(Directions) When you copy the records that follow, please keep every word exactly as it is and leave out the pictures.

[Stored items]
-.-.-
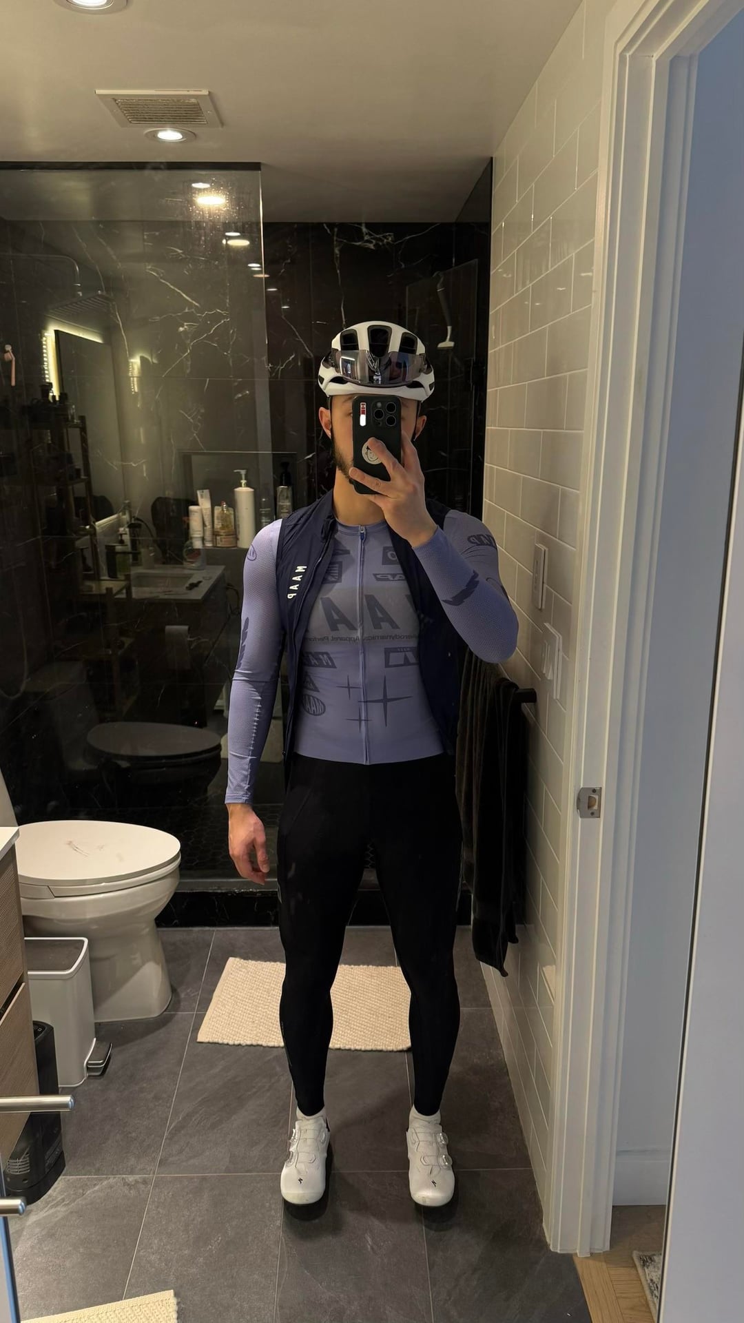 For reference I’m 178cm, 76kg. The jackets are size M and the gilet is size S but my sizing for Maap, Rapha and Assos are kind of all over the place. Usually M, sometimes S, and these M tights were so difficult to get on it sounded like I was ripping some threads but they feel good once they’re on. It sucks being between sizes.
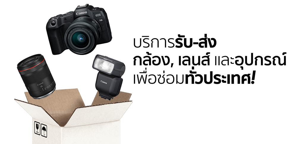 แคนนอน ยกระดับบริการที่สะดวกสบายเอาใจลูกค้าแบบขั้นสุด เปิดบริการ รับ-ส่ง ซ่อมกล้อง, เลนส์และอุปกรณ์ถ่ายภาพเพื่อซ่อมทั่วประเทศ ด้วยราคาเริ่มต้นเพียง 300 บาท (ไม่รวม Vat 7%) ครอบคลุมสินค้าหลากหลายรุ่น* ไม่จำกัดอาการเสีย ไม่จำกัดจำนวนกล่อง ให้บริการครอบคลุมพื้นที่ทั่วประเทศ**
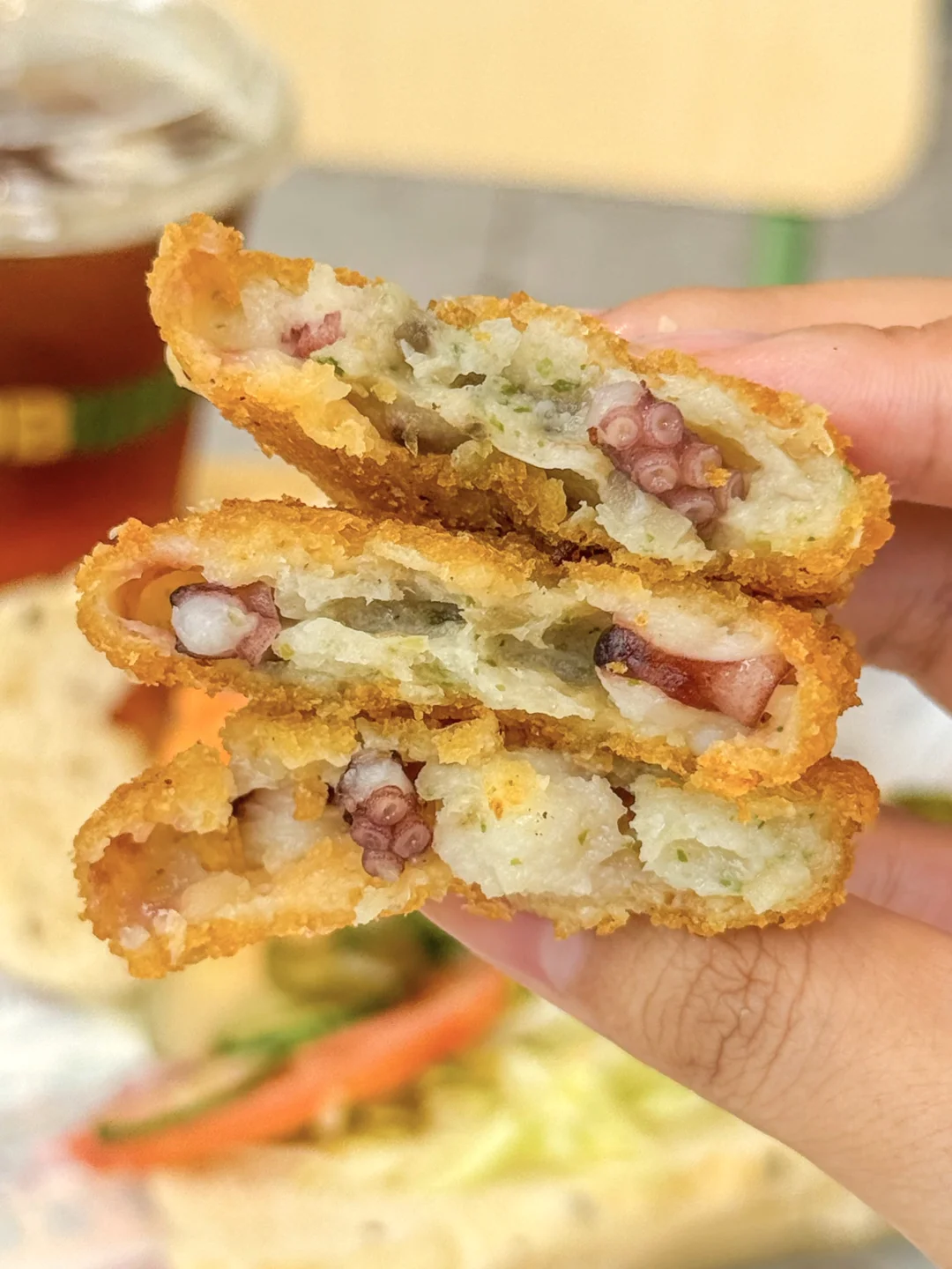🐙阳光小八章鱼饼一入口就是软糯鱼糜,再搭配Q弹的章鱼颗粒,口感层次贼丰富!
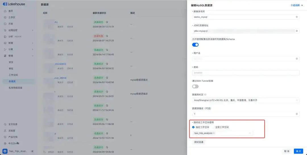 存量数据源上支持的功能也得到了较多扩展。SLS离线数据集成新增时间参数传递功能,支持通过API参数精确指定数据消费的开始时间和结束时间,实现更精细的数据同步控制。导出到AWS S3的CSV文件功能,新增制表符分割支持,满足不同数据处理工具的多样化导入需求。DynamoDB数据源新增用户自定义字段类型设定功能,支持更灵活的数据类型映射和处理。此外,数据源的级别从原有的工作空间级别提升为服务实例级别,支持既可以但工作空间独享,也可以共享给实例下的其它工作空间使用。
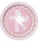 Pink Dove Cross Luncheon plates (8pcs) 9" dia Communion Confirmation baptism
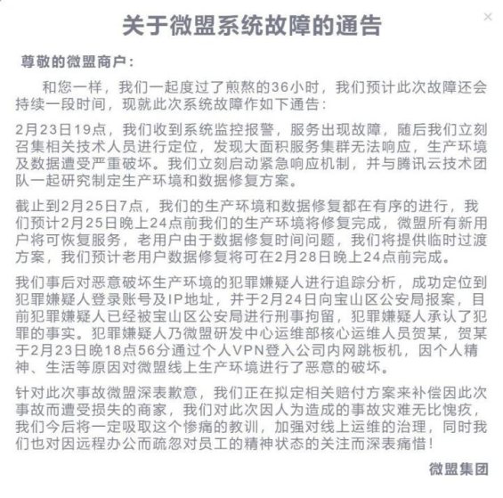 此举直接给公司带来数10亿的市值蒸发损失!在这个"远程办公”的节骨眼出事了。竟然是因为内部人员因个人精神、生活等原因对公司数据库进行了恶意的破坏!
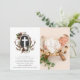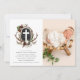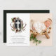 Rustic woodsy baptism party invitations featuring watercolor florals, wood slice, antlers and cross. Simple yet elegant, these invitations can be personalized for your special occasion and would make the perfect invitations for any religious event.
-.-.-
(Output of the task)
 For reference I’m 178cm, 76kg. The jackets are size M and the gilet is size S but my sizing for Maap, Rapha and Assos are kind of all over the place. Usually M, sometimes S, and these M tights were so difficult to get on it sounded like I was ripping some threads but they feel good once they’re on. It sucks being between sizes.
 แคนนอน ยกระดับบริการที่สะดวกสบายเอาใจลูกค้าแบบขั้นสุด เปิดบริการ รับ-ส่ง ซ่อมกล้อง, เลนส์และอุปกรณ์ถ่ายภาพเพื่อซ่อมทั่วประเทศ ด้วยราคาเริ่มต้นเพียง 300 บาท (ไม่รวม Vat 7%) ครอบคลุมสินค้าหลากหลายรุ่น* ไม่จำกัดอาการเสีย ไม่จำกัดจำนวนกล่อง ให้บริการครอบคลุมพื้นที่ทั่วประเทศ**
🐙阳光小八章鱼饼一入口就是软糯鱼糜,再搭配Q弹的章鱼颗粒,口感层次贼丰富!
 存量数据源上支持的功能也得到了较多扩展。SLS离线数据集成新增时间参数传递功能,支持通过API参数精确指定数据消费的开始时间和结束时间,实现更精细的数据同步控制。导出到AWS S3的CSV文件功能,新增制表符分割支持,满足不同数据处理工具的多样化导入需求。DynamoDB数据源新增用户自定义字段类型设定功能,支持更灵活的数据类型映射和处理。此外,数据源的级别从原有的工作空间级别提升为服务实例级别,支持既可以但工作空间独享,也可以共享给实例下的其它工作空间使用。
 Pink Dove Cross Luncheon plates (8pcs) 9" dia Communion Confirmation baptism
 此举直接给公司带来数10亿的市值蒸发损失!在这个"远程办公”的节骨眼出事了。竟然是因为内部人员因个人精神、生活等原因对公司数据库进行了恶意的破坏!
 Rustic woodsy baptism party invitations featuring watercolor florals, wood slice, antlers and cross. Simple yet elegant, these invitations can be personalized for your special occasion and would make the perfect invitations for any religious event.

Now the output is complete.